- GOAL OF THE EXERCISE -
Wherever the line with "Painting of a" sits in the listing below, transcribe from it up to and including the line with "コンプライアンス上の問題点の", exactly, and leave the remaining lines out.

- RECORDS FOR THIS TASK -

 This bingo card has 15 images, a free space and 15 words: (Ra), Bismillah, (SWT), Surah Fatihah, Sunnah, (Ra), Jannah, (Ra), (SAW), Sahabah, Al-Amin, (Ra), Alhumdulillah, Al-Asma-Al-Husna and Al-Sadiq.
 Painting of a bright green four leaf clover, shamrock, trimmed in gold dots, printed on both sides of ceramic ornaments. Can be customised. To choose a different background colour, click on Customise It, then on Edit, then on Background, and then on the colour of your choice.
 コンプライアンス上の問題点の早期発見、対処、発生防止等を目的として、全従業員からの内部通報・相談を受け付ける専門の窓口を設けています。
--
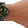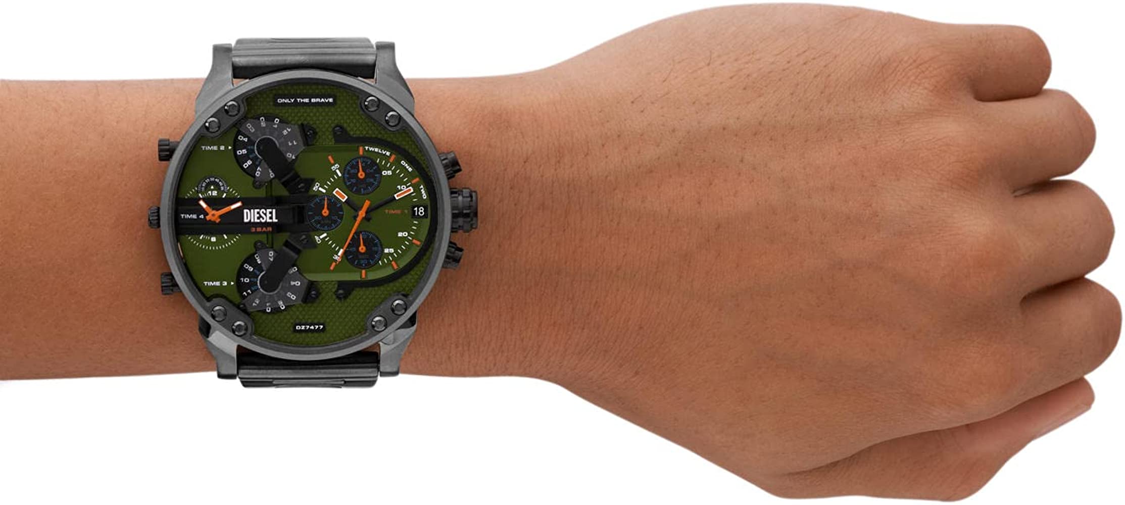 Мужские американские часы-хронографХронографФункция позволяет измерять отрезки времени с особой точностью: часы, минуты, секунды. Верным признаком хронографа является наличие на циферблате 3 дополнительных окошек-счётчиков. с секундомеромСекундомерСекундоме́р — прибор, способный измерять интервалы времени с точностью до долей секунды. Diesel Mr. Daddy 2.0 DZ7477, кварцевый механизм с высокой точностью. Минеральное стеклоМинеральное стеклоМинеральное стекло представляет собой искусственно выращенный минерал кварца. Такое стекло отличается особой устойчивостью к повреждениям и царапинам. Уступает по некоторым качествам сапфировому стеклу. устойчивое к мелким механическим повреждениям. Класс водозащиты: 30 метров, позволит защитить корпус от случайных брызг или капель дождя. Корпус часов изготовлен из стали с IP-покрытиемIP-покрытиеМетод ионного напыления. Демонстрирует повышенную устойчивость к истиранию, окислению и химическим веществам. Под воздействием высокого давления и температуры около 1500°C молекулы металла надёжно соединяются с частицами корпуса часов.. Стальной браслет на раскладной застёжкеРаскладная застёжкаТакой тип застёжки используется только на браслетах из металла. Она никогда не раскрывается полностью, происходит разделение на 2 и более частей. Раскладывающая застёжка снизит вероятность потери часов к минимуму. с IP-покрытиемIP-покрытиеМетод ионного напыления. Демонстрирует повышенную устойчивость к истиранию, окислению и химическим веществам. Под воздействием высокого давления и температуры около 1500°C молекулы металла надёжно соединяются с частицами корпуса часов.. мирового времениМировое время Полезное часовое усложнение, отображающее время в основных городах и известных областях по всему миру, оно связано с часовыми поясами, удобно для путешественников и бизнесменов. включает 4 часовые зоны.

- RESPONSE AREA -
 Painting of a bright green four leaf clover, shamrock, trimmed in gold dots, printed on both sides of ceramic ornaments. Can be customised. To choose a different background colour, click on Customise It, then on Edit, then on Background, and then on the colour of your choice.
 コンプライアンス上の問題点の早期発見、対処、発生防止等を目的として、全従業員からの内部通報・相談を受け付ける専門の窓口を設けています。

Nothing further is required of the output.